Biography

Thomas Loewenheim maintains an international career that combines cello performance, conducting, and teaching. He has toured North America, Europe, the Middle East, and the Far East, performing as soloist, recitalist, and chamber musician.

A devoted educator, Loewenheim is frequently invited to present master classes both nationally and internationally. He is Professor of Cello and Director of Orchestras at California State University, Fresno, Music Director and conductor of the Youth Orchestras of Fresno, and founding Artistic Director of the FOOSA Festival/Fresno Summer Orchestra Academy.

Noted for his ability to lead any orchestra to peak performance level efficiently and enjoyably, Loewenheim is much in demand on the honor orchestra circuit. His unique combination of old-school reverence for music’s history and new-age passion for neglected and under-appreciated works has led to invitations to conduct throughout the United States, as well as in Europe and Asia. As conductor he has collaborated with numerous soloists, among them violinists Vadim Gluzman, Richard Lin, and Rachel Barton Pine, cellists Lynn Harrell, Clive Greensmith, and Brinton Smith, and pianists Peter Klimo, Steven Vanhauwaert, and Jeremy Denk.

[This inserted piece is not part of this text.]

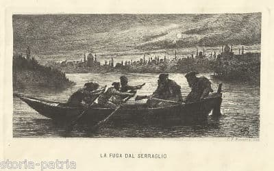 Carlo Felice Biscarra, La Fuga Dal Serraglio, Rara Incisione Dell'Ottocento

As a cello soloist in his own right, he has most recently premiered Daniel Akiva’s Requests for Cello and Orchestra, a concerto dedicated specifically to Loewenheim. As a chamber musician he has collaborated with a wide range of musicians from cellist Lynn Harrell to violinist Martin Beaver to pianist Evelyne Brancart. Lately, with violinist Limor Toren-Immerman and pianist Peter Klimo, he has founded the Topelli Piano Trio.

Loewenheim has been a guest artist at prominent music festivals around the world, among them the Montecito International Music Festival, the Music in the Mountains Festival and Conservatory in Durango, Colorado, and, in California, both CSU Summer Arts in Fresno, and the Chamber Music Unbound Festival in Mammoth Lakes…as well as his own FOOSA Festival/Fresno Summer Orchestra Academy.

Loewenheim’s discography includes conducted works as well as works for cello solo. Newly released is a CD on the Tonsehen label of Loewenheim conducting Mahler 5 with the FOOSA Philharmonic. Upcoming recordings will feature the same orchestra in two works from the first quarter of the 20th century: Sergei Lyapunov’s Piano Sextet and Ernest Bloch’s Concerto Grosso. An upcoming solo CD features virtuosic works for cello by Bach, Handel, Rózsa, and Ysaÿe.

Loewenheim earned a doctorate in cello performance from the renowned Jacobs School of Music at Indiana University, where he studied with Janos Starker and Tsuyoshi Tsutsumi, and was mentored in conducting by David Effron. He received a master’s degree from the University of Michigan under Erling Blöndal Bengtsson and a bachelor’s degree from the Rubin Academy for Music and Dance in Jerusalem. He plays a Jean Baptiste Vuillaume cello made in 1848.